Agent raise: "The maximum tokens you requested exceeds the model limit of", not from the model directly #6497

mlorthiois · 2025-03-23T16:38:06Z

mlorthiois
Mar 23, 2025

What happened?

Hello,

I have an error when I invoke a model from the Agent tab, but not from Bedrock directly.

Let say I use the user prompt: Hello, how are you?:

With Bedrock and a system prompt empty, the model responds (tested with Llama3.3-70B, nova-pro, etc).
When these same models are used via agents, without any tool or system prompt (aka in the same setup as a direct model), I get this error: The maximum tokens you requested exceeds the model limit of <limit> where limit=8192 for llama3.3-70B and limit=5120 for nova-pro.

Here is a log in api/logs:

{
  "$fault": "client",
  "$metadata": {
    "attempts": 1,
    "httpStatusCode": 400,
    "requestId": "2a1a7b8e-a48a-4cdb-8acf-4b7e51961306",
    "totalRetryDelay": 0
  },
  "level": "error",
  "message": "[handleAbortError] AI response error; aborting request: The maximum tokens you requested exceeds the model limit of 5120. Try again with a maximum tokens value that is lower than 5120.",
  "name": "ValidationException",
  "pregelTaskId": "4759adcd-5ff9-56e5-a8c6-3bfe566f9c2b",
  "stack": "ValidationException: The maximum tokens you requested exceeds the model limit of 5120. Try again with a maximum tokens value that is lower than 5120.\n    at de_ValidationExceptionRes (/app/node_modules/@aws-sdk/client-bedrock-runtime/dist-cjs/index.js:1690:21)\n    at de_CommandError (/app/node_modules/@aws-sdk/client-bedrock-runtime/dist-cjs/index.js:1507:19)\n    at process.processTicksAndRejections (node:internal/process/task_queues:95:5)\n    at async /app/node_modules/@aws-sdk/client-bedrock-runtime/node_modules/@smithy/middleware-serde/dist-cjs/index.js:35:20\n    at async /app/node_modules/@aws-sdk/client-bedrock-runtime/node_modules/@smithy/core/dist-cjs/index.js:167:18\n    at async /app/node_modules/@aws-sdk/client-bedrock-runtime/node_modules/@smithy/middleware-retry/dist-cjs/index.js:321:38\n    at async /app/node_modules/@aws-sdk/client-bedrock-runtime/node_modules/@aws-sdk/middleware-logger/dist-cjs/index.js:33:22\n    at async ChatBedrockConverse._streamResponseChunks (/app/node_modules/@langchain/aws/dist/chat_models.cjs:695:26)\n    at async ChatBedrockConverse._generateUncached (/app/node_modules/@langchain/core/dist/language_models/chat_models.cjs:188:34)\n    at async ChatBedrockConverse.invoke (/app/node_modules/@langchain/core/dist/language_models/chat_models.cjs:65:24)"
}

I've searched Issues and Discussions but I haven't found anyone raising a similar error.
Am I making a mistake somewhere? Do you append the user prompt when used in an Agent config?

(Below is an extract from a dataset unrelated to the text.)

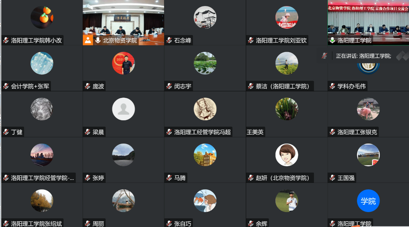 南水北调因水结缘,京豫合作彼此赋能。为推动落实北京市教委和河南省教育厅联合下达的京豫高校合作项目,经美高梅娱乐场 发展规划处与北京物资美高梅娱乐场 积极接洽,11月15日上午,美高梅娱乐场 和北京物资美高梅娱乐场 京豫合作项目交流会以线上线下结合的方式举行。北京物资美高梅娱乐场 党委常委、副院长卢向红,美高梅娱乐场 副校长马珺出席会议,两校部分美高梅娱乐场 和职能部门负责人30余人参加会议。会议由北京物资美高梅娱乐场 科研处(对外合作办公室)处长王成林主持。
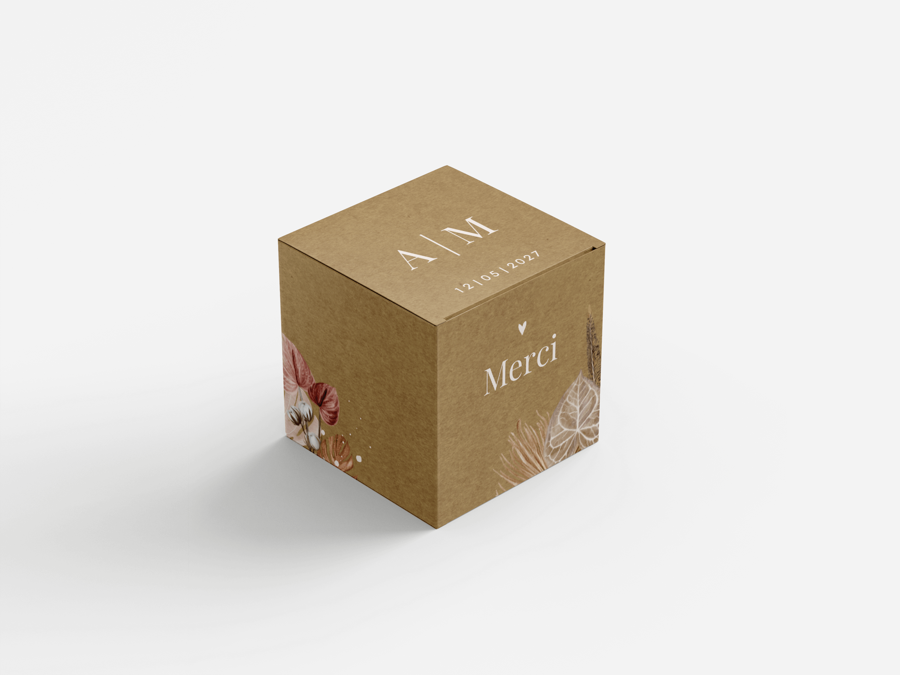 La boîte, avec des dimensions de 5 cm de chaque côté, est livrée dépliée. Le délai de livraison est de 4 jours ouvrables.

I should point out that using the agent only works for Claude Sonnet (3.5 and 3.7), even Haiku 3.5 fails.
Thanks for your help.

Version Information

ghcr.io/danny-avila/librechat v0.7.7 92d57359fc25 2 weeks ago 888MB

Steps to Reproduce

Send a question with Bedrock directly (nova-pro, Llama3.3, haiku). It works
Send the same question with the same model but with Agents: it doesn't work.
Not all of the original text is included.